Ponderan con razón los tratadistas de lógica la virtud creadora de la atención; pero insisten poco en una variedad del atender, que cabría llamar polarización cerebral o atención crónica, esto es la orientación permanente, durante meses y aun años, dé todas nuestras facultades hacia un objeto de estudio. Infinitos son los ingenios brillantes que, por carecer de este atributo, que los franceses designan esprit de suite, se esterilizan en sus meditaciones A docenas podría yo citar a españoles que, poseyendo un intelecto admirablemente adecuado para la investigación científica, retíranse desanimados de una cuestión sin haber medido seriamente sus fuerzas, y acaso en el momento mismo en que la Naturaleza iba a premiar sus afanes con la revelación ansiosamente esperada. Nuestras aulas y laboratorios abundan de estas naturalezas tornadizas inquietas, que aman la investigación y se pasan los días de turbio en turbio ante la retorta o el microscopio; su febril actividad revélase en el alud de conferencias, folletos y libros, en que prodigan erudición y talento considerables; fustigan continuamente la turba gárrula de traductores y teorizantes proclamando la necesidad inexcusable de la observación y el estudio de la Naturaleza en la Naturaleza misma; y cuando, tras largos años de propaganda y de labor experimental, se pregunta a los íntimos de tales hombres, a los asiduos del misterioso cenáculo donde aquéllos ofician de pontificial confiesan ruborosos que la misma fuerza del talento, la casi imposibilidad de ver en pequeño la extraordinaria amplitud y alcance de la obra emprendida, han imposibilitado llevar a cabo ningún progreso parcial v positivo. He aquí el fruto obligado de la flojedad o de la dispersión excesiva de la atención, así como del pueril alarde enciclopedista inconcebible hoy, en que hasta los sabios más insignes se especializan y concentran para producir. Pero sobre los vicios de la voluntad trataremos más adelante.
Para llevar a feliz término una indagación científica, una vez conocidos los métodos conducentes al fin, debemos fijar fuertemente en nuestro espíritu los términos del problema, a fin de provocar enérgicas corrientes de pensamiento, es decir, asociaciones cada vez más complejas y precisas entre las imágenes recibidas por la observación y las ideas que dormitan en nuestro inconsciente; ideas que sólo una concentración vigorosa de nuestras energías mentales podrá llevar al campo de la conciencia. No basta la atención expectante, ahincada; es preciso llegar a la preocupación. Importa aprovechar para la obra todos los momentos lúcidos de nuestro espíritu: ya la meditación que sigue al descanso prolongado, ya al trabajo mental supraintensivo que sólo da la célula nerviosa caldeada por la congestión, ora, en fin, la inesperada intuición que brota a menudo, como la chispa del eslabón, del choque de la discusión científica.
Casi todos los que desconfían de sus propias fuerzas ignoran el maravilloso poder de la atención prolongada. Esta especie de polarización cerebral, con relación a una cierta orden de percepciones, afina el juicio, enriquece nuestra sensibilidad analítica espolea la imaginación constructiva, y, en fin, condensando toda la luz de la razón en las negruras del problema, permite descubrir en éste inesperadas y sutiles relaciones.

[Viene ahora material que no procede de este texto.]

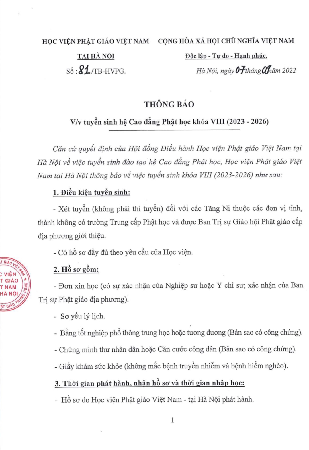Theo đó, căn cứ quyết định của Hội đồng Điều hành Học viện Phật giáo Việt Nam tại Hà Nội về việc tuyển sinh đào tạo hệ Cao đẳng Phật học, Học viện Phật giáo Việt Nam tại Hà Nội thông báo về việc tuyển sinh khóa VIII (2023-2026) như sau:
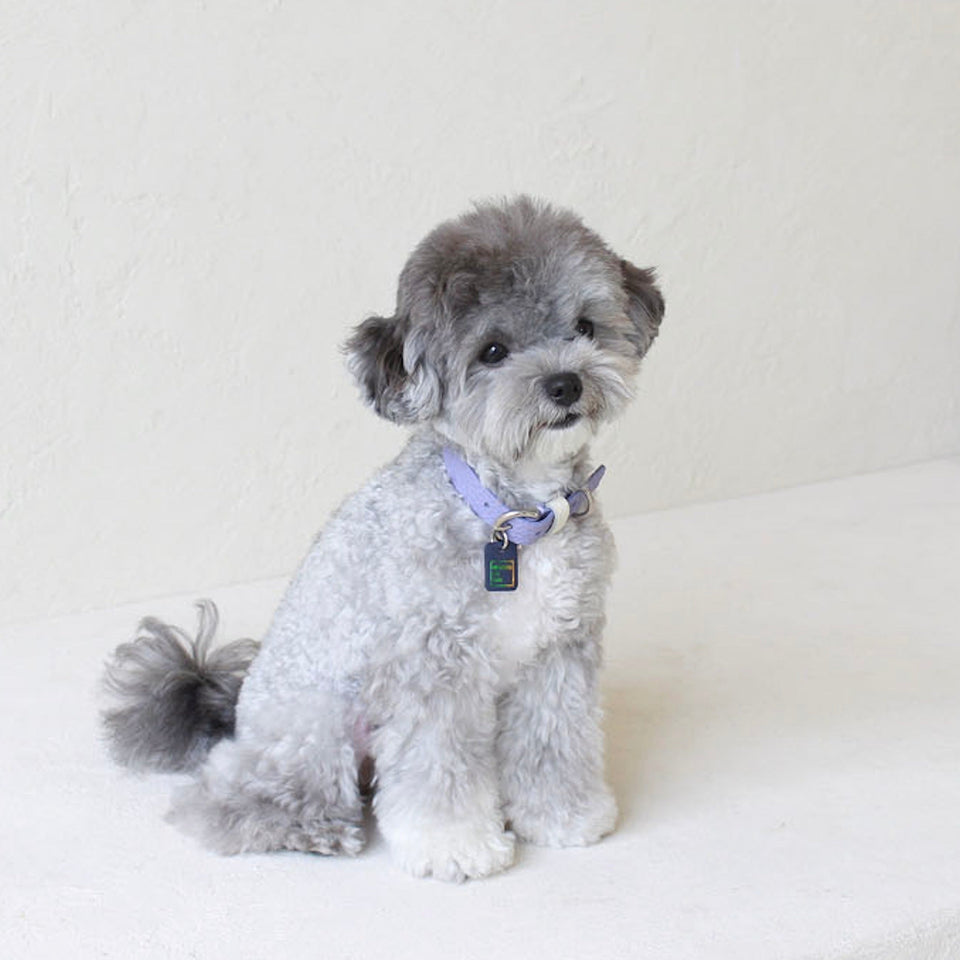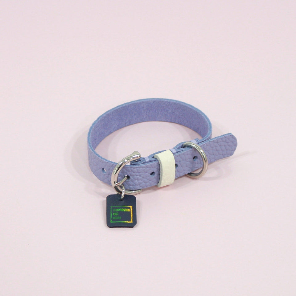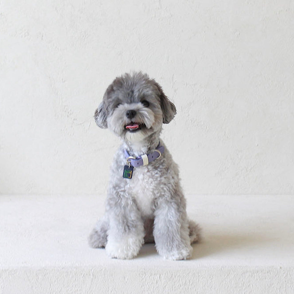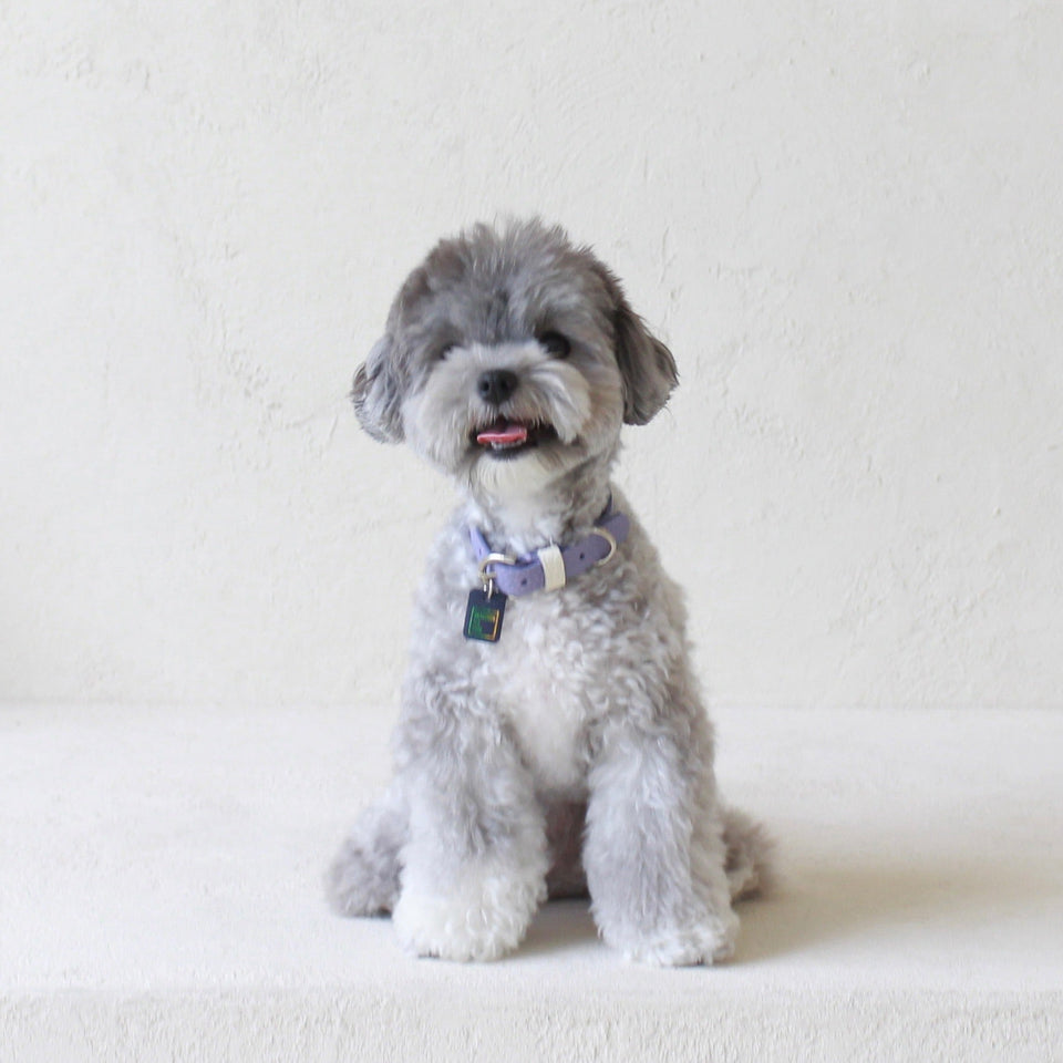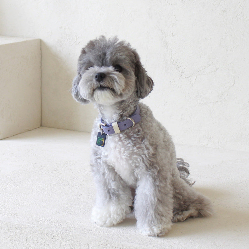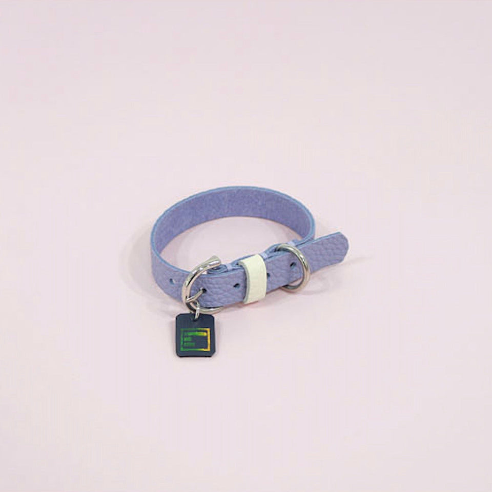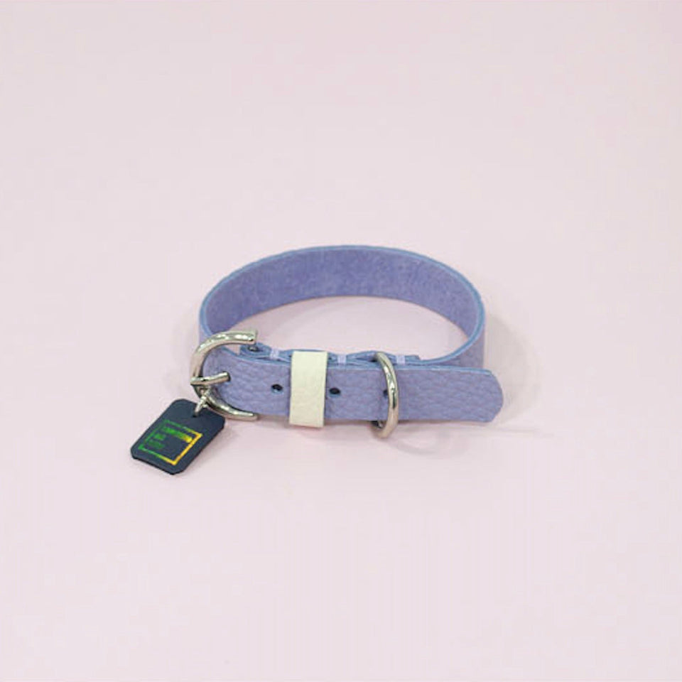 牛革100%バイオレットベースの首輪にアイボリーのループがワンポイントでアクセントになった高級感たっぷりのカラーセンス抜群なmaison de miuらしい首輪♡

A fuerza de horas de exposición, una placa fotográfica situada en el foco de un anteojo dirigido al firmamento llega a revelar astros tan lejanos, que el telescopio más potente es incapaz de mostrarlos; a fuerza de tiempo y de atención, el intelecto llega a percibir un rayo de luz en las tinieblas del más abstruso problema.
La forja de la nueva verdad exige casi siempre severas abstenciones y renuncias. Convendrá, durante la susodicha incubación intelectual, que el investigador, al modo del somnámbulo, atento sólo a la voz del hipnotizador, no vea ni considere otra cosa que lo relacionado con el objeto de estudio: en la cátedra, en el paseo, en el teatro, en la conversación, hasta en la lectura meramente artística, buscar la ocasión de intuiciones, de comparaciones y de hipótesis que le permitan llevar alguna claridad a la cuestión que le obsesiona. En este proceso adaptativo nada es inútil: los primeros groseros errores, así como las falsas rutas por donde la imaginación se aventura, son necesarios, pues acaban por conducirnos al verdadero camino, y entran, por tanto, en el éxito final, como entran en el acabado cuadro del artista los primeros informes bocetos. Cuando se reflexiona sobre la curiosa propiedad que el hombre posee de cambiar y perfeccionar su actividad mental con relación a un objeto o problema profundamente meditado, no puede menos de sospecharse que el cerebro, merced a su plasticidad, evoluciona anatómica y dinámicamente, adaptándose progresivamente al tema. Esta adecuada y específica organización adquirida por las células nerviosas produce a la larga lo que yo llamaría talento profesional o de adaptación, y tiene por motor la propia voluntad, es decir, la resolución enérgica de adecuar nuestro entendimiento a la naturaleza del asunto. En cierto sentido, no sería paradójico afirmar que el hombre que plantea un problema no es enteramente el mismo que lo resuelve, por donde tienen fácil y llana explicación esas exclamaciones de asombro en que prorrumpe todo investigador al considerar lo fácil de la solución tan laboriosamente buscada. “¡Cómo no se me ocurrió esto desde el principio! –exclamamos–. ¡Qué obcecación la mía al obstinarme en marchar por caminos que no conducen a parte alguna!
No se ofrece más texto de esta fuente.